■ **What is expected**:
For the material below, return exactly the lines starting at the line containing "Grand séjour avec" and ending at the line containing "(VOVWORLD) - 6월", both ends included, and no others.

■ **Given data**:
--

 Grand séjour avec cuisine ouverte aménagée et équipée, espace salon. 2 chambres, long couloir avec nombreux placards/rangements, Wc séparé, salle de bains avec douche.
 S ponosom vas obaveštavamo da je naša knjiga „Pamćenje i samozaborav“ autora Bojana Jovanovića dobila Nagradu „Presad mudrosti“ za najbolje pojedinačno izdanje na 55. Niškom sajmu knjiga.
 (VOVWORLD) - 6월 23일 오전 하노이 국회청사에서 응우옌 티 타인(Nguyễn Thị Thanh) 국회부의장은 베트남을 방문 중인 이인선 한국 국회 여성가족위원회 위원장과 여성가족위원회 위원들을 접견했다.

--

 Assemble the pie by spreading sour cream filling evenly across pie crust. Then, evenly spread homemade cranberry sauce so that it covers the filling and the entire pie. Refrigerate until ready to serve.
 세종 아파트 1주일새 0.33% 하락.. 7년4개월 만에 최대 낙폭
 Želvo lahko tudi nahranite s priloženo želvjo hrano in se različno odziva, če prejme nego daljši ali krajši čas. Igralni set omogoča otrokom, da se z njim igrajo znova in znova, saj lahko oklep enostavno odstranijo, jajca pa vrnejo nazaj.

--

■ **Exercise response**:
 Grand séjour avec cuisine ouverte aménagée et équipée, espace salon. 2 chambres, long couloir avec nombreux placards/rangements, Wc séparé, salle de bains avec douche.
 S ponosom vas obaveštavamo da je naša knjiga „Pamćenje i samozaborav“ autora Bojana Jovanovića dobila Nagradu „Presad mudrosti“ za najbolje pojedinačno izdanje na 55. Niškom sajmu knjiga.
 (VOVWORLD) - 6월 23일 오전 하노이 국회청사에서 응우옌 티 타인(Nguyễn Thị Thanh) 국회부의장은 베트남을 방문 중인 이인선 한국 국회 여성가족위원회 위원장과 여성가족위원회 위원들을 접견했다.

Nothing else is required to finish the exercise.